Pod scheduling: before using best fit policy (directly via default scheduler) and using it (via scheduler extender)
Additionally, the ability to create your own plugins for the scheduler outside the main Kubernetes development tree (out-of-tree).
Other changes
Also in the release of Kubernetes 1.16, you can note initiative on available metrics in full order, or more precisely, in accordance with to K8s instrumentation. They largely rely on the respective . Inconsistencies arose for various reasons (for example, some metrics were simply created even before the current instructions appeared), and the developers decided that it was time to bring everything to a single standard, "in line with the rest of the Prometheus ecosystem." The current implementation of this initiative is alpha and will be progressively upgraded to beta (1.17) and stable (1.18) in future Kubernetes releases.
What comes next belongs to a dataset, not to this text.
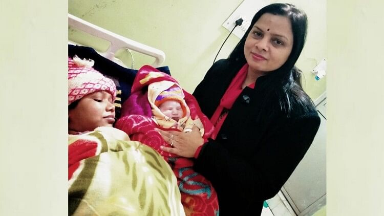 प्राण-प्रतिष्ठा के दिन प्रसव के बाद जच्चा-बच्चा के साथ मौजूद डॉ. शालिनी चौहान।

In addition, the following changes can be noted:
- Development of support Windows с Kubeadm utilities for this OS (alpha version),
RunAsUserNamefor Windows- containers (alpha version), Group Managed Service Account (gMSA) support up to beta, mount/attach for vSphere volumes. - data compression mechanism in API responses. Previously, an HTTP filter was used for these purposes, which imposed a number of restrictions that prevented its inclusion by default. Now "transparent request compression" works: clients sending
Accept-Encoding: gzipin the header receive a GZIP-compressed response if its size exceeded 128 KB. Go clients automatically support compression (send the right header), so they will immediately notice a decrease in traffic. (Slight modifications may be required for other languages.) - scaling HPA from/to zero pods based on external metrics. If scaling is based on objects/external metrics, then when workloads are idle, you can automatically scale to 0 replicas to save resources. This feature should be especially useful for cases where workers are requesting GPU resources, and the number of different types of idle workers exceeds the number of available GPUs.
- New client - - for "generalized" access to objects. It is designed to easily retrieve metadata (i.e. subsection
metadata) from cluster resources and perform operations with them from the category of garbage collection and quota. - Build Kubernetes without obsolete ("built-in" in-tree) cloud providers (alpha version).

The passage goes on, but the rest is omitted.